The fluid will flow along the heated guard probe, the heat in the
probe is now essential to maintain the flow of the oil and ensure
the entire sample is delivered into the sampling chamber or
vessel.
Within the guard probe, thermocouples, thermal switches and/or
similar mechanisms, are to be used to monitor the temperature of
the oil to ensure good flow assurance. The viscosity of the fluid
entering the guard probe and that leaving it can also be monitored
to check the performance of the procedure.
When the entire fluid sample required has been deposited in the
sampling vessel, the vessel is sealed and can be allowed to cool as
the sample has been obtained.
This technique can use many different ways of heating the
formation, and combinations thereof, which give a uniform heating
deep into the reservoir. The preferred combination of thermal
heating and tunable microwaves allows near, medium and deep heating
into the reservoir and the energy used will control the heat up
rate and final temperature of the reservoir fluid.
In effect, the heated probe has dual functionality. It participates
in the heating of the reservoir fluids in the first part of the
procedure, it simultaneously ensures sampling of the reservoir
fluid will be collected in a timely manner (whilst the fluid is
still warm) and with minimal (if not zero) contamination. It is
also instrumented such that key parameters such as viscosity and
temperature are monitored during the operation.

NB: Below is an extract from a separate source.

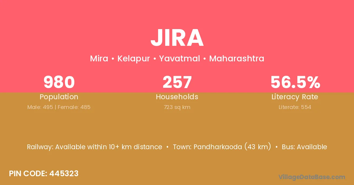 Jira village has a total population of 1,921 people, of which 983 are males and 938 are females.

In a variant, the probe itself may contain thermosetting `phase
change` materials, such as waxes or thermoplastics, which will
maintain the temperature of the probe, particularly when the
heating facility is not operational. This will allow the probe to
be moved from location to location without large losses of heat and
hence, reduce sampling time and minimize the potential for the tool
to become stuck in the highly viscous formation. FIG. 8A shows the
cooling curve of a typical material with no phase change. The
exponential heat loss is significantly different from the behavior
shown by phase change materials depicted in FIG. 8B.
Various embodiments and applications of the invention have been
described. The descriptions are intended to be illustrative of the
present invention. It will be apparent to those skilled in the art
that modifications may be made to the invention as described
without departing from the scope of the claims set out below.